I was discussing hospital gossip with my orthopod friend Dave over breakfast when the waiter came to take our order. “I'll have the eggs Benedict,” I said, “with a side of cinnamon toast.”

Dave said, “I'll have oatmeal — plain.”

“Are you watching your diet?” I asked.

“Well, I've just begun to feel better listening to what my body tells me to eat,” he said.

“You know, Dave,” I began, “ my body tells me things, too. It tells me to eat cheeseburgers when I don't have enough cholesterol to make cell membranes and to have a donut every morning to jump start my brain, but it never tells me to eat oatmeal.”

One of our colleagues, I learned, was on the 20 g per day carbohydrate diet. She could eat a hamburger, but without the bun and ketchup, or liver and onions without the mashed potatoes. I couldn't believe what an infinitesimal amount of sugar that was — just barely enough to put a spoonful of honey into my morning tea. It seemed good advice for diabetics, but not for folks with adequate insulin response.
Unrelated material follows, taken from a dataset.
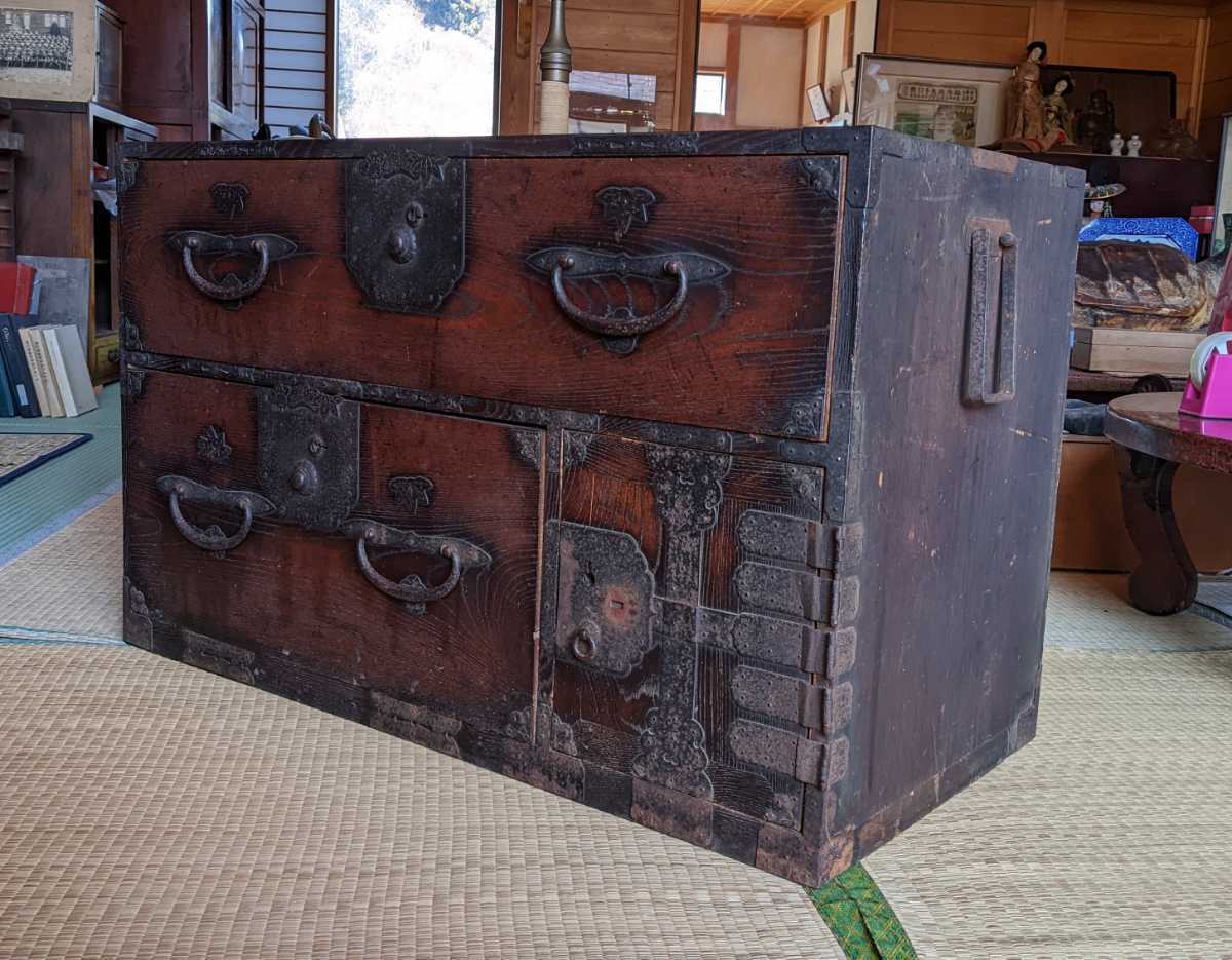 『自己紹介欄をお読みください』 経年の汚れやサビがあるものの、金具含め全体的にまだまだしっかりとしております。 画像をご確認ください。 【サイズ・約寸】 幅:92cm 奥行:45cm 高さ:57cm ※送料につきましては、着払いとなりますのでご注意ください。

My approach to diet is very simplistic: If you're hyperlipidemic, eat less cholesterol and saturated fats; if you're hypertensive, eat less salt; and, assuming you're not adipose deficient, consume fewer calories. Add a liberal dose of exercise. Seems to work for my patients and me.

Electronic data

Long before the year 2000 computer bug surfaced, I was fretting about my electronic data. In fact I'm paranoid about losing it and go to incredible lengths to protect it. On a daily basis, alternating between a Monday-Wednesday-Friday tape and a Tuesday-Thursday tape, I back up my office computer files and, once a week, put that information onto another machine that I use for patient education and my wellness program. Then, on Fridays, I take the Monday-Wednesday-Friday tape home and update my home computer as well. The rest of the week, the tapes live in a small safe — guaranteed to withstand temperatures of 1,600° F. And my computer has a battery-powered backup to protect against brownouts and surges.

Why do I do all this? It's hard to feel comfortable with digital information (versus paper) because you can't physically touch it. It's kind of like doing a laparoscopic cholecystectomy: When something goes wrong, you just want to put your hands in there and fix it, but you can't. So I guess I'm stuck with an elaborate backup ritual, but at least I sleep well at night.